4. Biz mazlumun hakkı alınıncaya kadar birbirimize yardım edeceğiz, yardımlaşacağız.

* Efendimiz (s.a.v.) yıllar sonra Mekke'de “Ben cahiliye döneminde, nübüvvet öncesinde böyle bir

sözleşmeye davet edildim, o sözleşme benim için kızıl tüylü develerden daha hayırlıydı. Bugün

çağrılsam yine giderdim.” demiştir.

* Neden İslam döneminde Hılful Fudul devam etmedi ? Neden Medine'de de bir tane oluşturulmadı?

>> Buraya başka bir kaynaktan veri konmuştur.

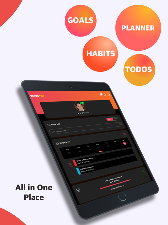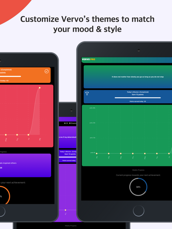 Experience a delightful array of features on this goal tracker & habit tracker app! Vervo is based on scientific evidence to help you plan your to do list, track goals, commit and achieve your life goals using rich motivation-based features which are also helpful in enabling social inspirations through family, friends, and the world.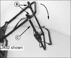 3. Loosen knob (B) 25 mm (1 in.) on each side. Carefully pivot upper handle (C) down.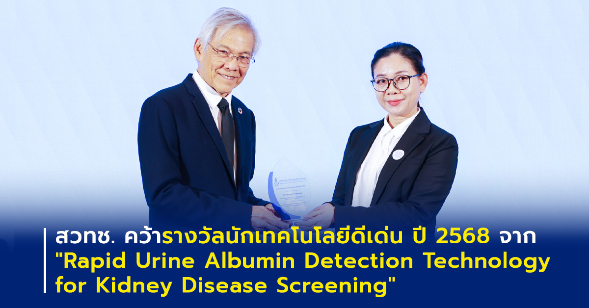 สวทช. คว้ารางวัลผู้เข้ารอบสุดท้ายนักเทคโนโลยีดีเด่น ประจำปี 2568 จากผลงาน “Rapid Urine Albumin Detection Technology for Kidney Disease Screening”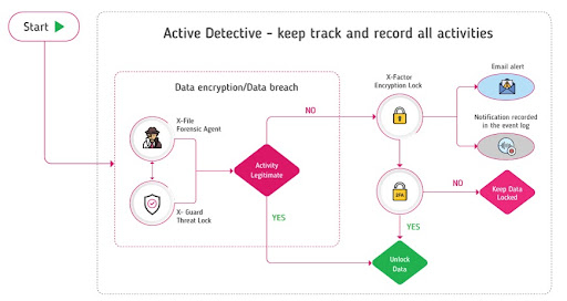 - X-GUARD THREAT LOCK features SECURITY SCOUT and GUARDIAN PRO-X work together to stop any attempt by the ransomware to breach or clone your sensitive data.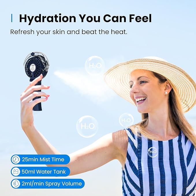 - Instant Refreshment: The 50ml tank delivers mist at 2ml/min for up to 25 minutes of cooling relief.
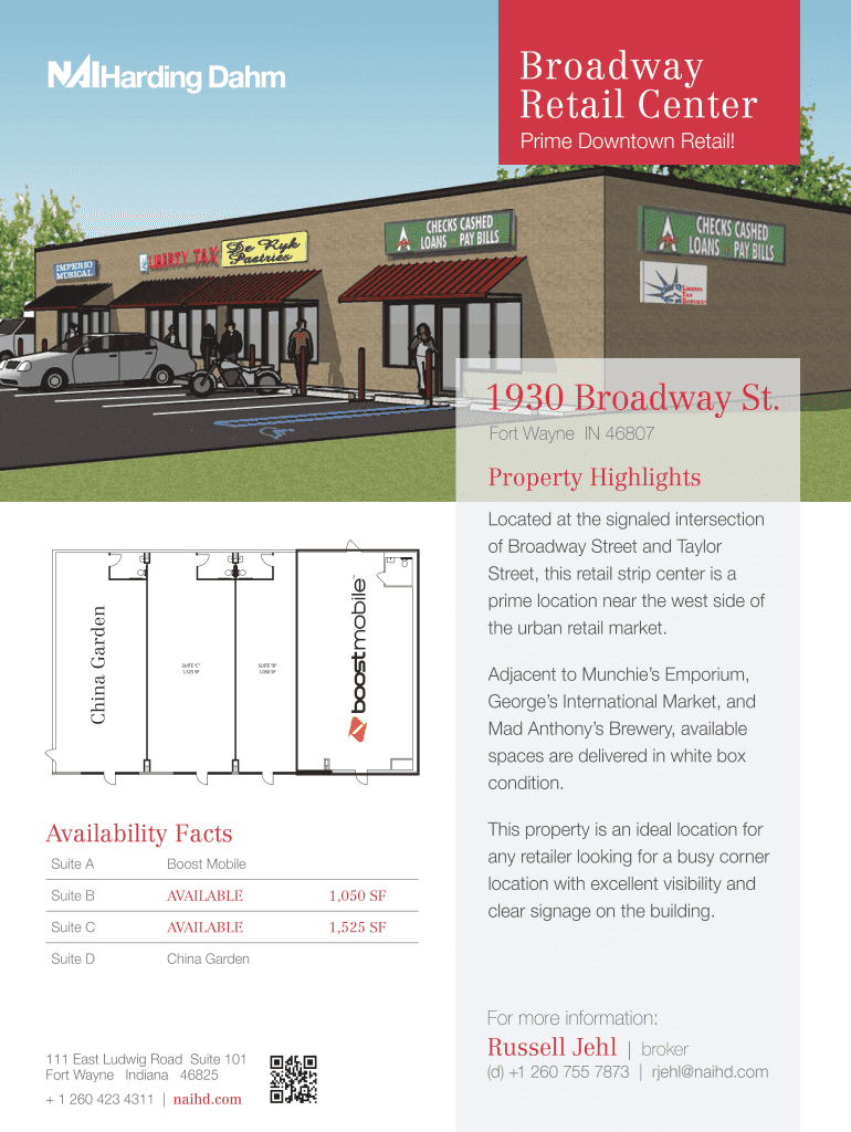 Broadway Retail Center Prime Downtown Retail! 1930 Broadway St. Fort Wayne IN 46807 China Garden Property Highlights SUITE D 1,525 SF Located at the signaled intersection of Broadway Street and Taylor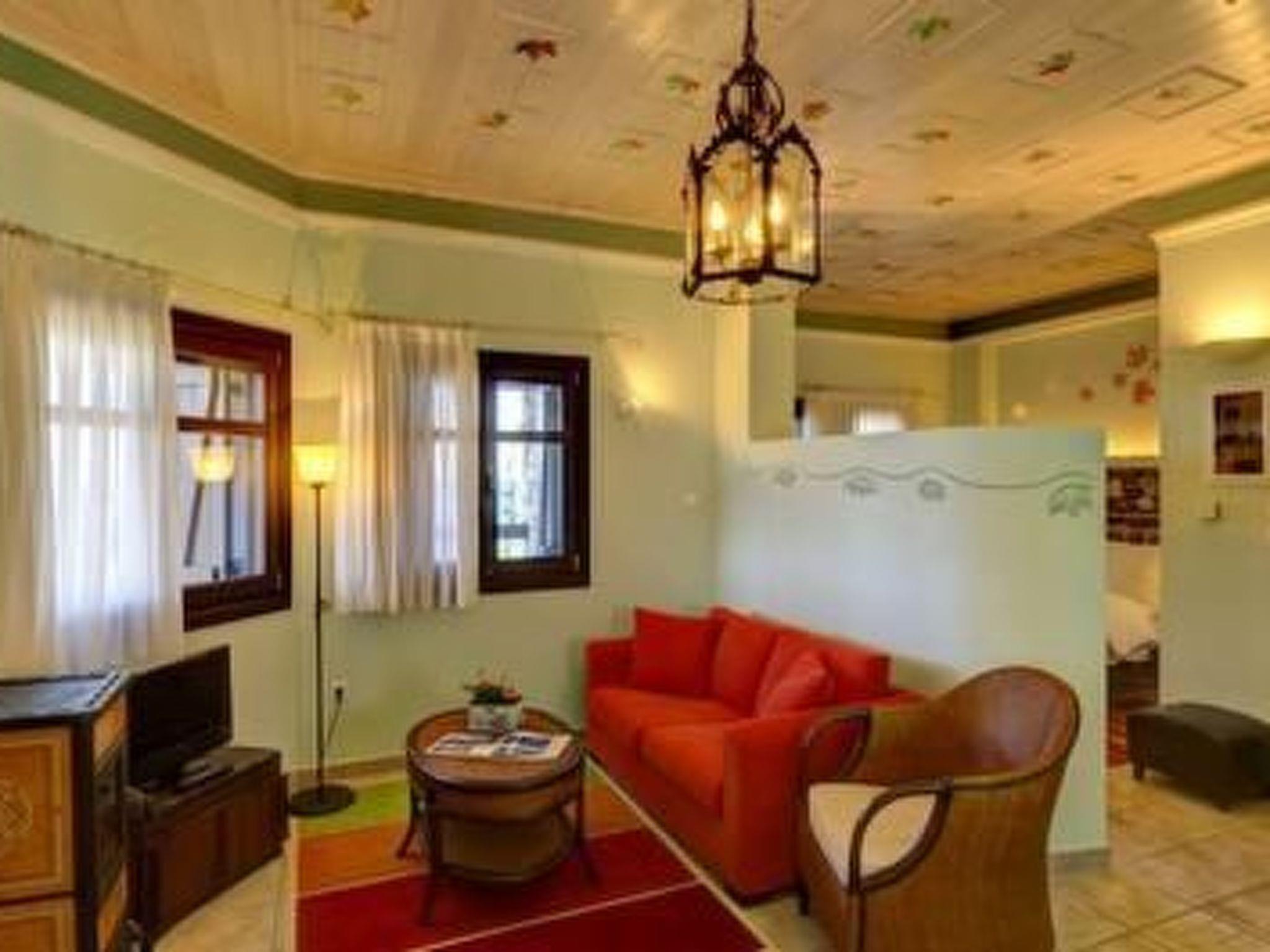 5 Wohnungen - je für 2-3 Personen (zwei davon sind auch für 2 Erw.+2 Kinder geeignet): Jede Wohnung ist sehr geschmackvoll und modern eingerichtet. Die ganze Wohnung besteht praktisch aus einem Raum. Der Schlafbereich mit einem Doppelbett ist von der übrigen Wohnung entweder mit einer Theke oder mit Vorhängen abgetrennt. Der Wohnraum verfügt über einen großen Schlafcouch, Kamin, TV, Heizung, sehr gut ausgestattete Kochnische, Esstisch mit 4 Stühlen, Du/WC, Terrasse (20 qm) mit Gartenmöbeln und Meerblick.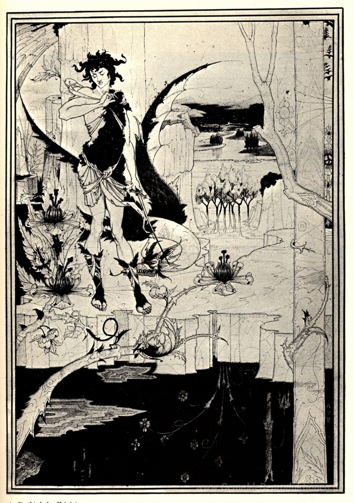 Wir bieten Ihnen eine handgefertigte Reproduktion auf Leinwand des berühmten Kunstwerks 'Siegfried Illustration, Akt II' von Aubrey Beardsley, aus dem Reproduktionsmuseum.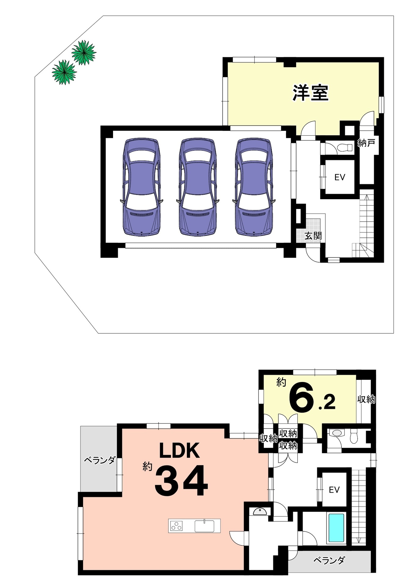 駐車スペース並列3台可能(車種による)シャッターつき。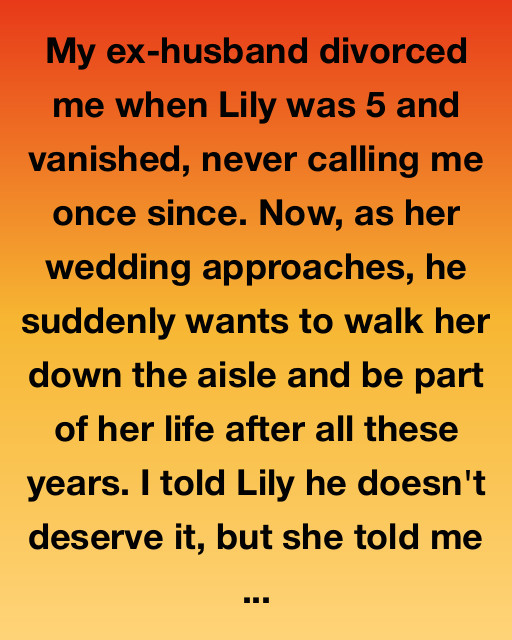 My ex-husband divorced me when Lily was 5 and vanished, never calling me once since. Now, as her wedding approaches, he suddenly wants to walk her down the aisle and be part of her life after all these years. I told Lily he doesn’t deserve it, but she told me everyone deserves one last chance.

* Çünkü Maide suresinin ikinci ayeti (Ey iman edenler! Takvada ve iyilikte yardımlaşın; günahta ve

kötülükte yardımlaşmayın.) ile İslam bütün müslümanları Hılful Fudul’un bir üyesi gibi davranmaya

şart koşmuştur.

* İslam'ın iki kanadı vardır: tevhid ve adalet. Tevhid, kişinin Allah ile olan münasebetini tanzim eder;

adalet, kişinin başkaları ile (doğa, çevre, hayvanlar, insanlar yani tüm canlılarla) olan hukukunu tanzim

eder. Şu anda bu iki kanat kesiktir! Yeniden bu kanatları oluşturabilirsek, insanlığa adalet ile bir mesaj

sunabilirsek, adalet ile sunduğumuz o mesaj insanlığı tevhide taşıyacaktır!

* Kâbe’nin Değişimi

* İbrahim a.s. dönemindeki Kâbe’nin uzunluğu aşağı yukarı 14 m’dir.

* Kureyş’in yaptığı Kâbe biraz daha kısadır. (Neden inşası sırasında kısaltıldı sonraki derste işlenecek)

* Abdullah b. Zübeyr döneminde Kâbe yeniden İbrahim a.s.’ın yaptığı ölçülere getirilmiştir. Haccac

onun hilafetini bitirdikten sonra bugünkü ölçülerine uygun bir biçimde yeniden yapmıştır.


NOT: Alak Suresi’nin ilk 5 ayetini kendimize iniyormuş gibi tefsiriyle birlikte okuyalım.